Randomly pick 10 terms, becuase doing this for all of the terms would take a very long time.

In [30]:
import random

comparison_terms = random.sample(frequent_terms, 10)
comparison_terms

['missionary',
 'produces',
 'acquitted',
 'performed',
 'operetta',
 'target_blankthis',
 'mainly',
 'bottom',
 'islamic',
 'elsewhere']

In [31]:
# get the high value and low value count for each word in comparison terms
observed_expected = []
word_frequency = []

for i in comparison_terms:
    h_l = high_low_count(i)
    observed_expected.append(h_l)

observed_expected

[(22, 33),
 (49, 119),
 (6, 17),
 (72, 215),
 (22, 27),
 (51, 64),
 (43, 124),
 (43, 157),
 (17, 42),
 (9, 20)]

In [32]:
from scipy.stats import chisquare
import numpy as np

In [33]:
chi_squared = []

for obs_high_count, obs_low_count in observed_expected:
    # total number of times the word appears
    total = obs_high_count + obs_low_count
    # total proportion of how often the word appears divided by the total number of questions
    total_prop = total / jeopardy.shape[0]

    # get expected values by multiplying the total proportion by the total number of high/low questions
    exp_high_count = total_prop * high_value_count
    exp_low_count = total_prop * low_value_count

    # create numpy arrays
    observed = np.array([obs_high_count, obs_low_count])
    expected = np.array([exp_high_count, exp_low_count])

    # add chivalue and pvalue to chi_squared list
    chi_squared.append(chisquare(observed, expected))

chi_squared

[Power_divergenceResult(statistic=3.700342529477874, pvalue=0.05440129897014992),
 Power_divergenceResult(statistic=0.06014836782359, pvalue=0.8062615926457806),
 Power_divergenceResult(statistic=0.05621171538502828, pvalue=0.8125868927130006),
 Power_divergenceResult(statistic=1.4725425958422673, pvalue=0.22494495745754595),
 Power_divergenceResult(statistic=6.6393328979036035, pvalue=0.009975128042275058),
 Power_divergenceResult(statistic=14.565444332456028, pvalue=0.00013537444924416217),
 Power_divergenceResult(statistic=0.5416149903282792, pvalue=0.46176419173876504),
 Power_divergenceResult(statistic=4.575332281103448, pvalue=0.0324354548070976),
 Power_divergenceResult(statistic=0.0072482992491946, pvalue=0.9321525197784184),
 Power_divergenceResult(statistic=0.10572745161307058, pvalue=0.745061812207719)]

Most of our p-values are larger than 5%, which means they are not statistically significant. Let's take a look at what words did have statistically significant results.

In [40]:
for i in range(10):
    word = comparison_terms[i]
    observed_h_l = observed_expected[i]
    chivalue = chi_squared[i].statistic
    pvalue = chi_squared[i].pvalue
    if pvalue < 0.05:
        print(word, observed_h_l, chivalue, pvalue)

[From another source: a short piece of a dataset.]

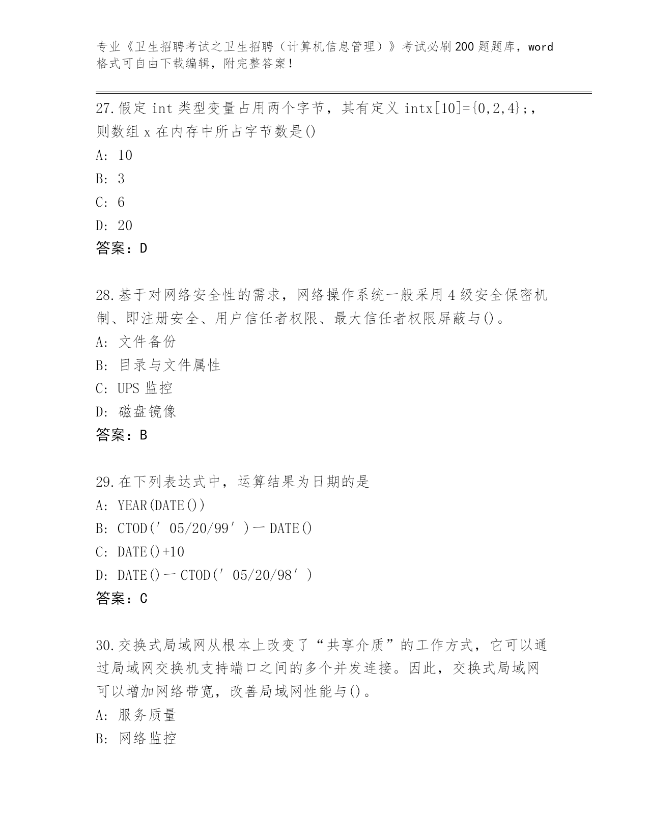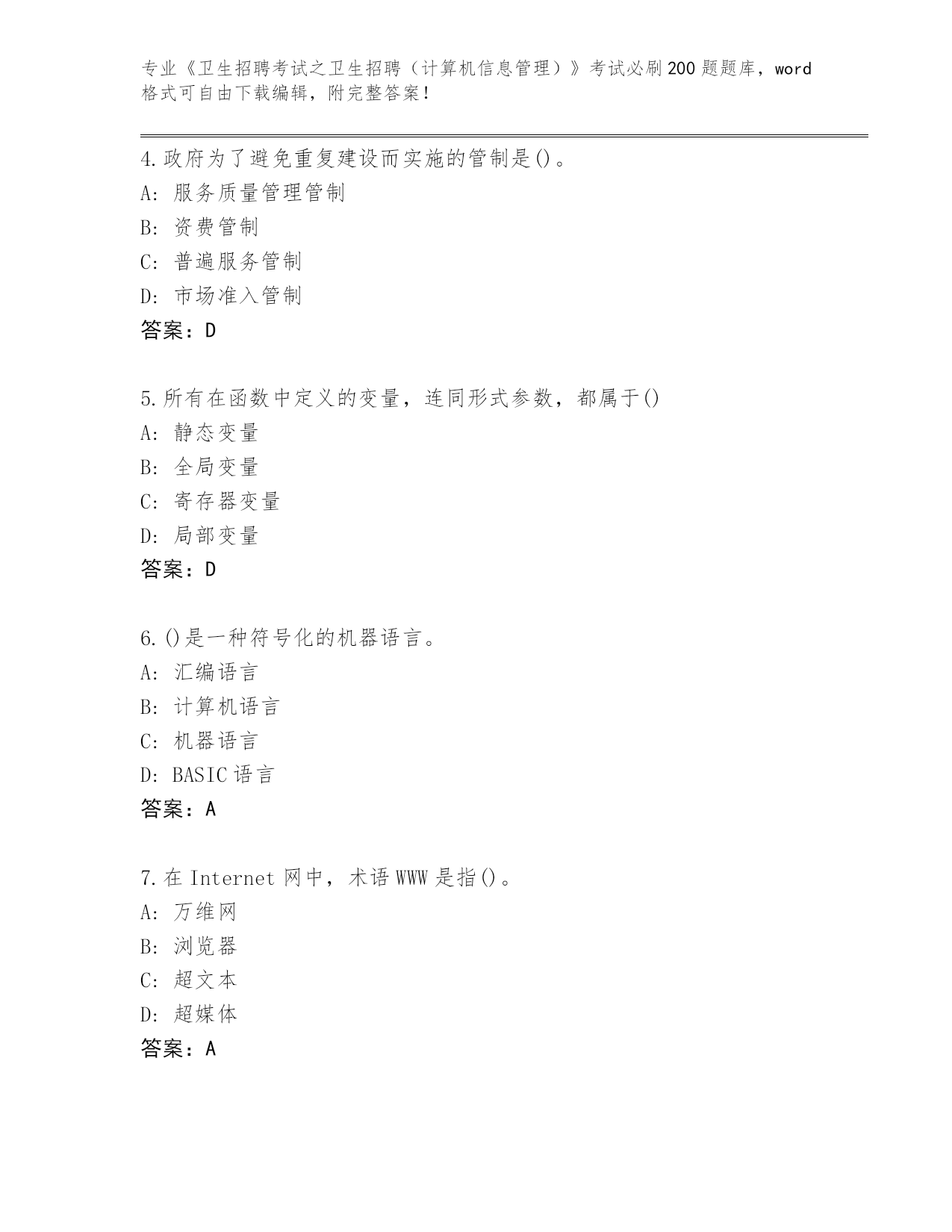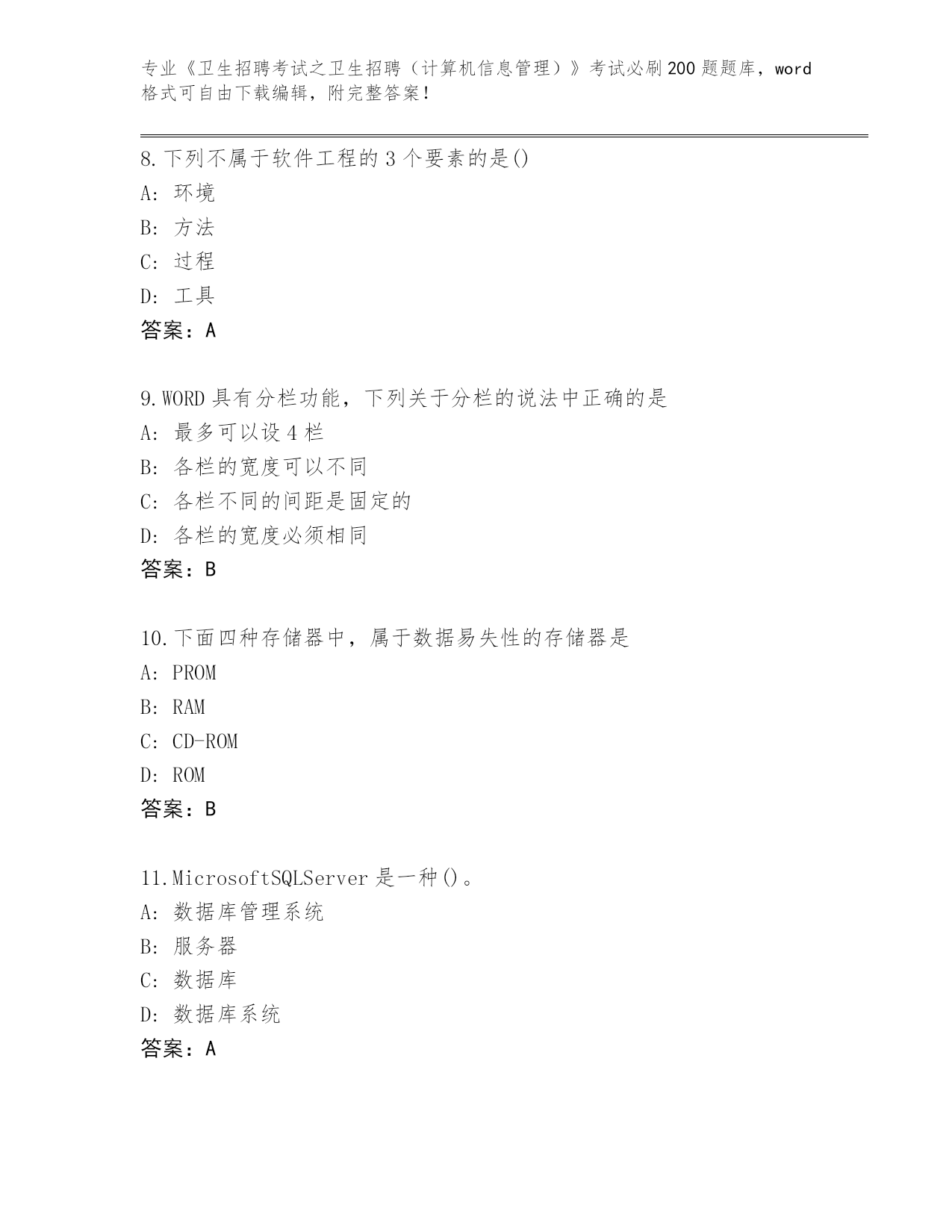 内部使用安徽省杜集区《卫生招聘考试之卫生招聘(计算机信息管理)》资格考试必刷200题内部题库含答案(能力提升)

operetta (22, 27) 6.6393328979036035 0.009975128042275058
target_blankthis (51, 64) 14.565444332456028 0.00013537444924416217
bottom (43, 157) 4.575332281103448 0.0324354548070976


## Chi-squared results
We planned on selecting the words with the biggest differences in usage between high and low value questions, by selecting the words with the highest associated chi-squared values. Unfortunately, all three of our statistically significant words occur more often in low value questions than high value questions, so that was not what we are looking for. Additionally, only 'operetta' seems meaningful in our context. 

If we think we might actually get to play on Jeopardy, we might further investigate what words occur in questions and see if we can find more words that we should add to our list of stop words. We would also need to look at a larger sample than 10 words.